All property of any kind whatsoever which a person having been absolutely entitled thereto has voluntarily caused or may cause, to be transferred to or vested in himself and any other person jointly whether by disposition or otherwise (including any purchase or investment effected by the person who was absolutely entitled to the property) either by himself alone or in concert or by arrangement with any other person so that a beneficial interest therein or in some part thereof passes or accrues by survivorship on his death to such other person, shall on the death of such person be deemed to the extent of such beneficial interest to form part of his estate for the purpose of estimating the duty payable under this Act and shall be chargeable with duty thereon accordingly.

That section was placed in the Victorian Act in 1903, and, as far as I know, has worked fairly. I call the attention of the Committee to these points: It is limited to a case in which a person has himself brought about a joint tenancy, so that by survivorship the beneficial interest accrues to' another person. Therefore, an individual who years ago owned land, and happens to become entitled to it by transfer or joint tenancy, is excluded from taxation. Further, the taxation is limited to the extent of the beneficial interest that passes to the survivor. The substance of this section will meet the objections which might be raised to the clause in its present form. Accordingly I move -

That proposed new paragraph (d) be omitted and the following inserted in lieu thereof : - "(d) Which a person having been absolutely entitled to, has voluntarily caused to be transferred to or vested in himself and any other person jointly whether by disposition or otherwise (including any purchase or investment effected by the person who was absolutely entitled to the property) either by himself alone or in concert or by arrangement with any other person so that a beneficial interest therein or in some part thereof passes or accrues by survivorship on his death to such other person, to the extent of such beneficial interest; or"

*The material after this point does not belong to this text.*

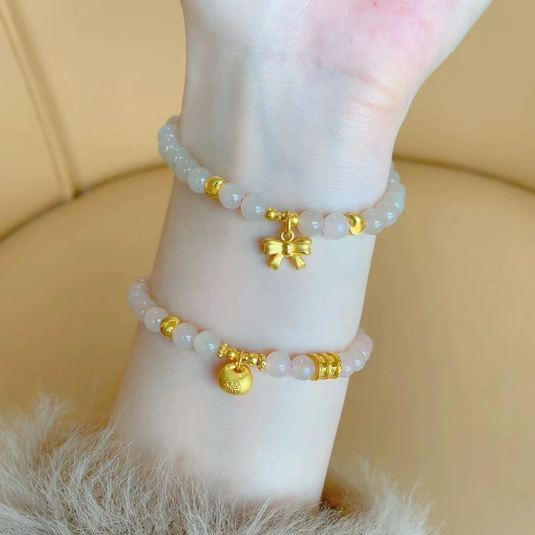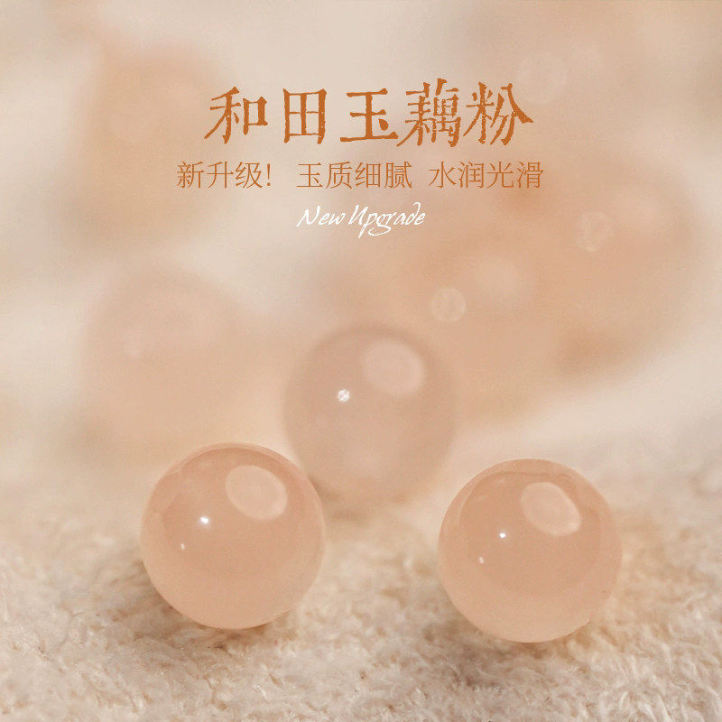 天然和田玉藕粉色散珠肤色串珠手串项链珠子diy玉石黄金配饰手链
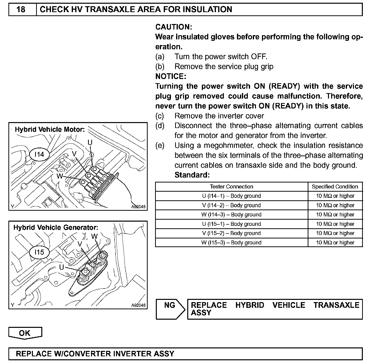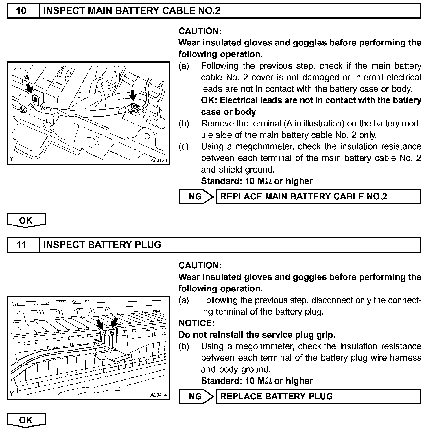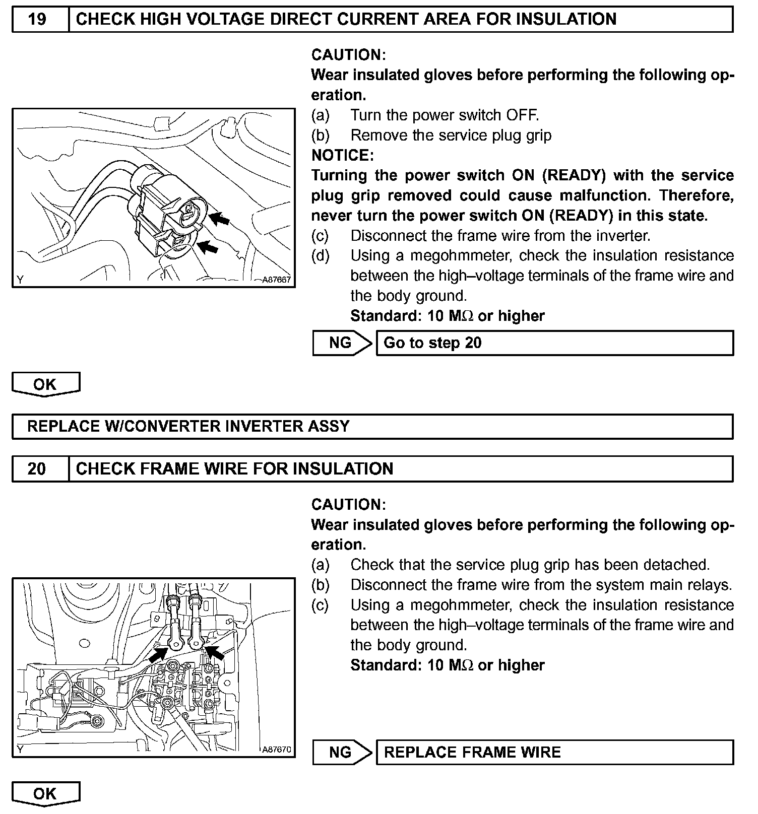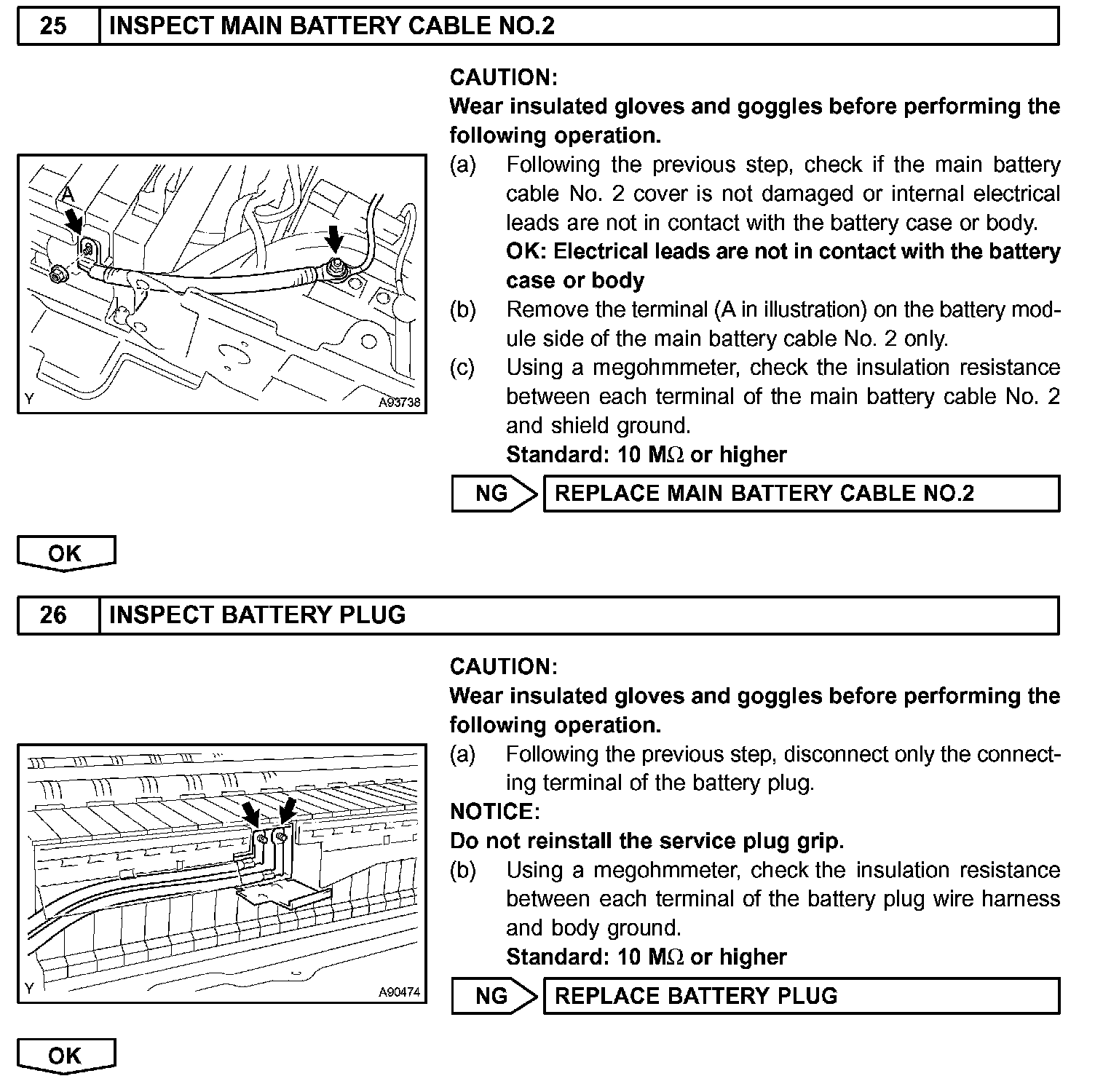 - Before inspecting the high-voltage system, take safety precautions to prevent electrical shocks, such as wearing insulated gloves and removing the service plug grip. After removing the service plug grip, put it in your pocket to prevent other technicians from reconnecting it while you are servicing the high-voltage system.

This section deals not only with a person transferring property to himself and another but also with a purchaser who arranges that a property shall be transferred to himself and another as joint tenants. That may be done by purchase or investment, and to meet such a situation the words we have adopted appear in the Victorian Act. The section as amended will effect the double purpose of limiting the taxable part of the property to the interest which passes, instead of making the whole property taxable, and of excluding a person who years ago was the owner of a property and many years later finds himself a joint tenant of it.